Colloque international
L’Identité des Lumières : nouvelles approches
Moscou, Château de Kouskovo, 26-28 juin 2017
La réponse donnée par Kant en 1784 à la question « Qu’est-ce que les Lumières ? » est
universellement connue : « Les Lumières, c’est pour l’homme sortir d’une minorité qui n’est
imputable qu’à lui. » Pourtant, tout au long du XIXe siècle et durant la plus grande partie du XXe
siècle, les Lumières ont été considérées comme un bloc idéologique presque homogène, une
sorte de canon doctrinal dont le contenu était associé aux œuvres des grands philosophes, de
Locke à Kant, en passant par Montesquieu et Rousseau, et dont on envisageait le rayonnement, à
travers l’activité de ses partisans, en Italie, en Espagne, au Portugal, en Pologne, en Russie, dans
les Balkans, etc. Cette perception des Lumières, déterminée par le prisme de la Révolution
française, s’est imposée, dès la fin du siècle, chez les révolutionnaires, comme une caution
idéologique. Elle s’est renforcée au XIXe siècle, la Révolution étant devenue un point de repère
fondamental. Cette perspective a reçu une nouvelle impulsion avec les bouleversements
politiques mondiaux du XXe siècle. Qu’elles soient présentées comme une « révolution
philosophique » ou comme un mouvement cosmopolite guidé par les intellectuels réformateurs,
qu’on les accuse d’avoir permis la manipulation des masses ou d’avoir favorisé l’émancipation
des individus, dans tous les cas, la corrélation constante, consciente ou involontaire des Lumières
avec la Révolution et ses conséquences conduisait presque inévitablement à certaines
simplifications : on y cherchait, et donc on y trouvait, des points communs avec l’époque des
grands chocs sociaux, ou des différences témoignant d’une nette rupture avec elle.

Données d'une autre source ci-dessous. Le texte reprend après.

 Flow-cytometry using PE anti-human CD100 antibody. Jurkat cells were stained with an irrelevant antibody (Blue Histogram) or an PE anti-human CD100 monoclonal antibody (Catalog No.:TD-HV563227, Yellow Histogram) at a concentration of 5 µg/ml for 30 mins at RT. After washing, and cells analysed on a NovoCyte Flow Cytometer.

Dans le dernier tiers du XXe siècle, avec l’arrivée de la nouvelle histoire sociale, puis de
l’histoire culturelle, la situation a commencé à changer. Aujourd’hui, on traite les Lumières
comme une époque culturelle particulière, un objet culturel à part entière : un « monde
historique » à reconstruire. Les chercheurs ont pris conscience de la complexité de ce « monde »,
et de la nécessité d’étudier non seulement ses idées philosophiques et ses valeurs, mais aussi ses
représentations et ses pratiques, à commencer par les formes de sociabilité et d’éducation qu’il a
stimulées dans tous les domaines. Ainsi, les transferts culturels et les réseaux internationaux sont
peu à peu passés au premier plan, tant et si bien que l’image traditionnelle des Lumières, qui
limitait le phénomène à la sphère européenne, s’est enrichie, diversifiée et nuancée. Désormais,
les Lumières apparaissent de plus en plus comme une nouvelle étape dans l’interaction des
cultures à l’échelle globale.
Les participants au colloque sont invités à présenter les résultats de recherches menées
suivant certaines de ces nouvelles approches.
Thèmes principaux :
1. Nouvelles approches dans l’étude des Lumières.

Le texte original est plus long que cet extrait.